+++ Records for the task
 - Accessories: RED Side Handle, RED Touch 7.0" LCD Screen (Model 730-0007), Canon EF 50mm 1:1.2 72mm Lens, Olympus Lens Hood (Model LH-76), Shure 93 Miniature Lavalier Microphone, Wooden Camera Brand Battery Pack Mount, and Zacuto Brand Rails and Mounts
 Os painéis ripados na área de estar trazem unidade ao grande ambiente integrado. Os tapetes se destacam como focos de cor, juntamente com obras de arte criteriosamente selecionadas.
++++++
+++ Records for the task
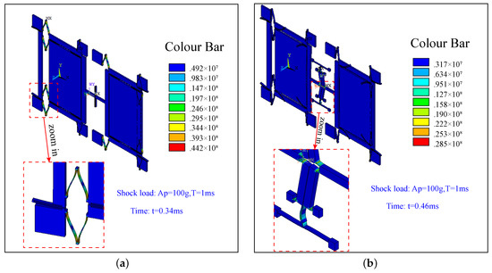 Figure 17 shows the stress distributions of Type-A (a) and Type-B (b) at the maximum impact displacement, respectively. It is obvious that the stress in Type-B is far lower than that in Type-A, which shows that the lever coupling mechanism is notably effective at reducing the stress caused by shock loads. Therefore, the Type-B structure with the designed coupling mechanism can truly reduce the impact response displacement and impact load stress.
++++++
+++ Records for the task
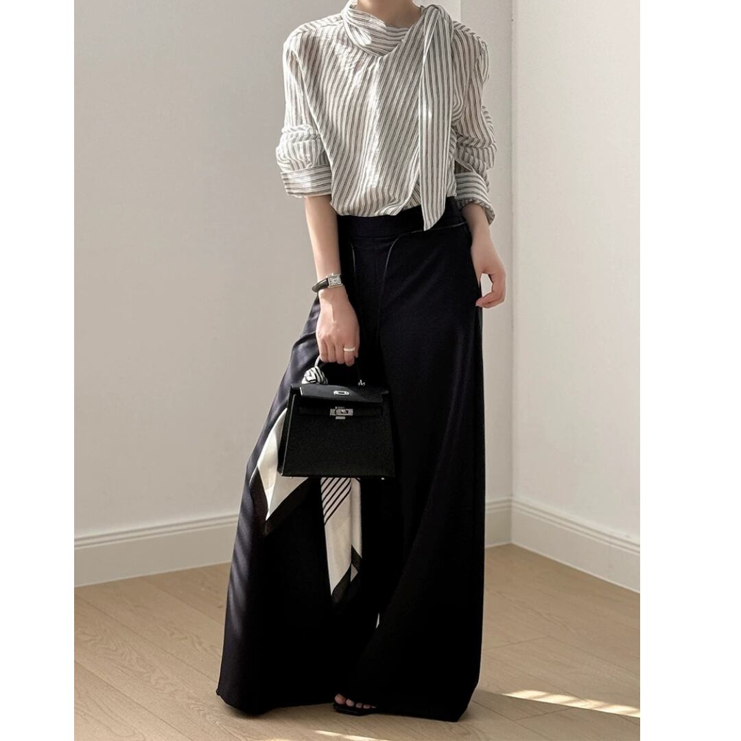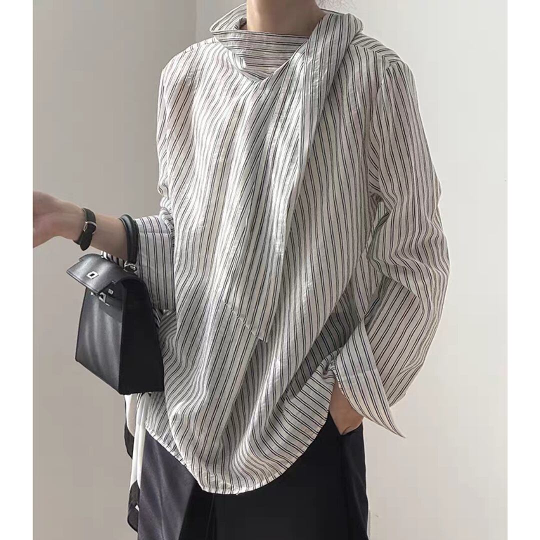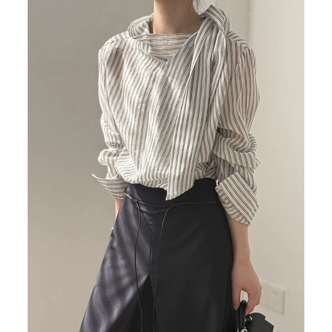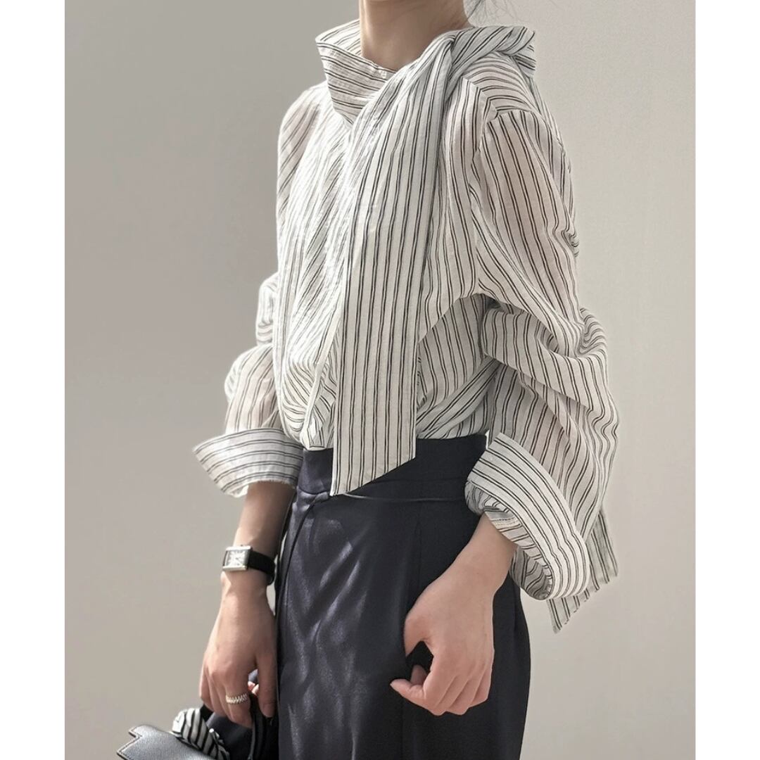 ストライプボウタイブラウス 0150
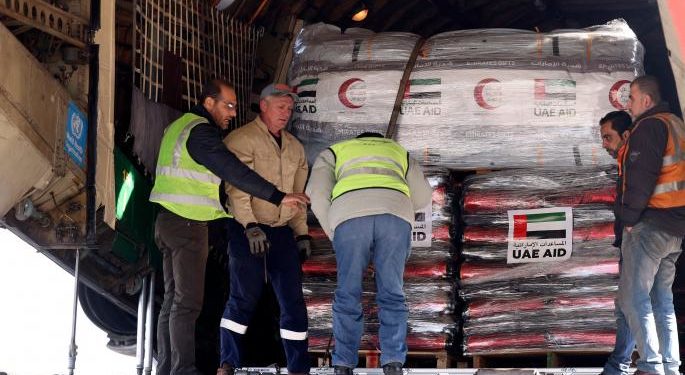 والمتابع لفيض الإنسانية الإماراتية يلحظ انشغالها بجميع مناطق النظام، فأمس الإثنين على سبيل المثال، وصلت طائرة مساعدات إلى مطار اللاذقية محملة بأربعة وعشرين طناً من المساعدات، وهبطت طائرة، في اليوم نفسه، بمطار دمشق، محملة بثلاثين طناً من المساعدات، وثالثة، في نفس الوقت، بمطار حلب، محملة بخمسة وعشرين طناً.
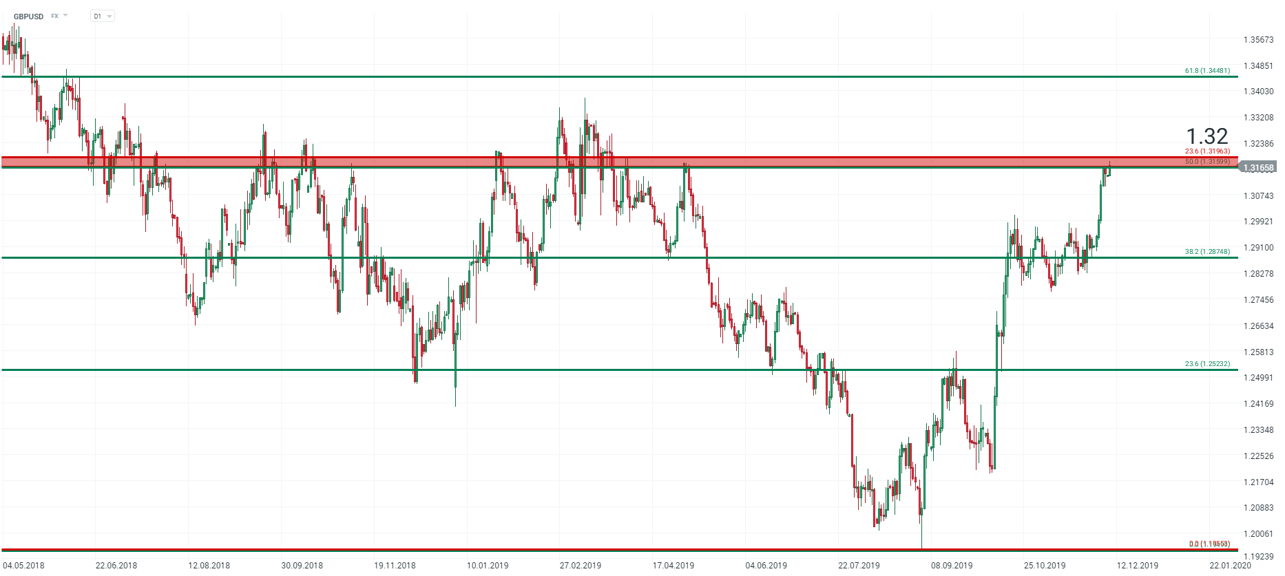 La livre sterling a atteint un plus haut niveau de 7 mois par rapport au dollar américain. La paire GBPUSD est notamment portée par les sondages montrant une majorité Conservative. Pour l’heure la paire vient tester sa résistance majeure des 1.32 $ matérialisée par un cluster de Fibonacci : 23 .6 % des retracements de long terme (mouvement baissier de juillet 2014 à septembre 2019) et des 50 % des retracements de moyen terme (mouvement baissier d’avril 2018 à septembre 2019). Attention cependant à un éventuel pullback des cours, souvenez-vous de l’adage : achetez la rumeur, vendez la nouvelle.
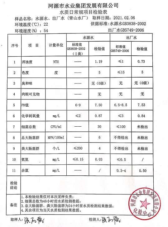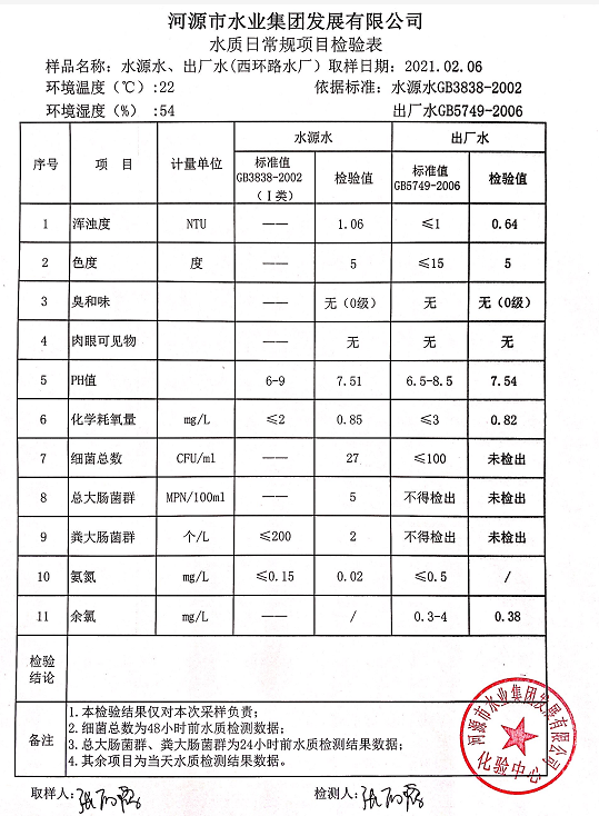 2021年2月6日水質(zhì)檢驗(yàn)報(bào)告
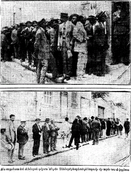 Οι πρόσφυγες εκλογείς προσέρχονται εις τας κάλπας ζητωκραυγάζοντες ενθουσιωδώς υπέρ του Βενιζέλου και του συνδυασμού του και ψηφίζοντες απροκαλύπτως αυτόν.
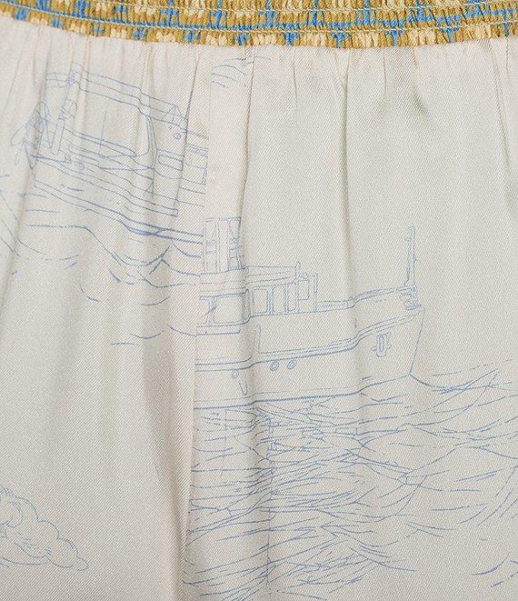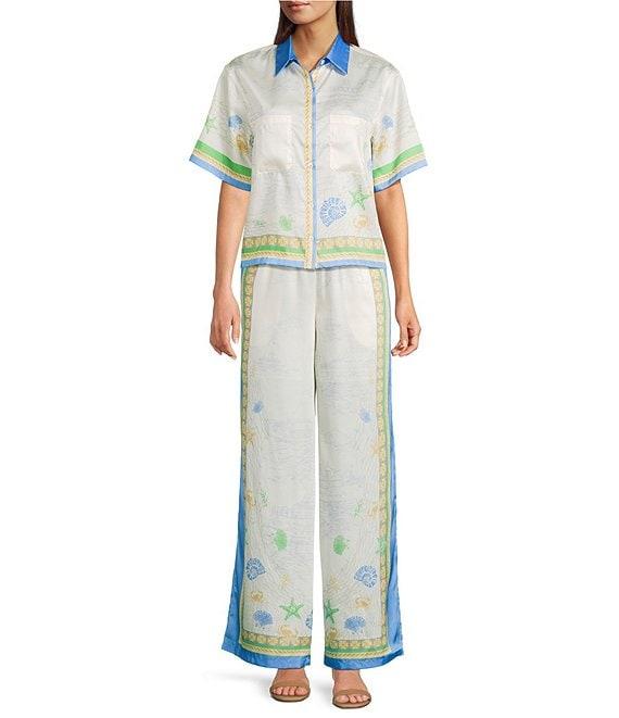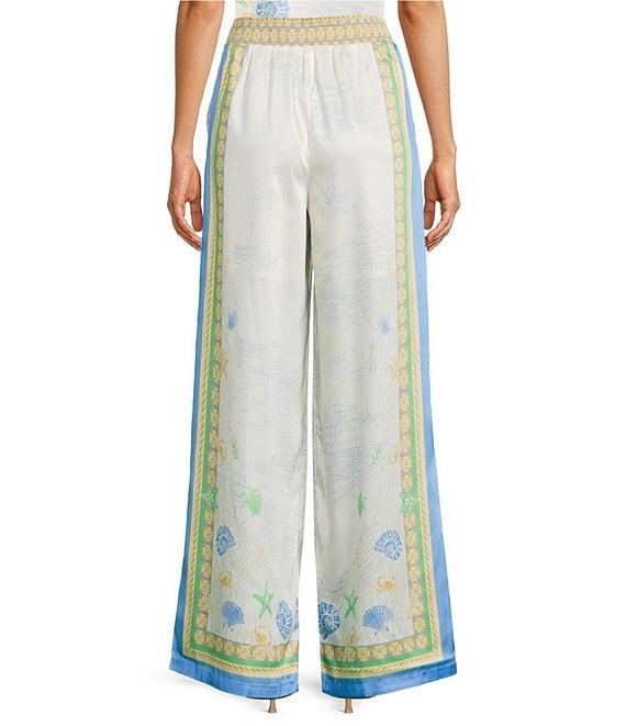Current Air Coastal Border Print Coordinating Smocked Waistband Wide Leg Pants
++++++
> _Exercise requirements_
Set down again, word for word, the stretch of records from the line with "- Accessories: RED" to the line with "Os painéis ripados", both of those lines included.

> _Answer space_
 - Accessories: RED Side Handle, RED Touch 7.0" LCD Screen (Model 730-0007), Canon EF 50mm 1:1.2 72mm Lens, Olympus Lens Hood (Model LH-76), Shure 93 Miniature Lavalier Microphone, Wooden Camera Brand Battery Pack Mount, and Zacuto Brand Rails and Mounts
 Os painéis ripados na área de estar trazem unidade ao grande ambiente integrado. Os tapetes se destacam como focos de cor, juntamente com obras de arte criteriosamente selecionadas.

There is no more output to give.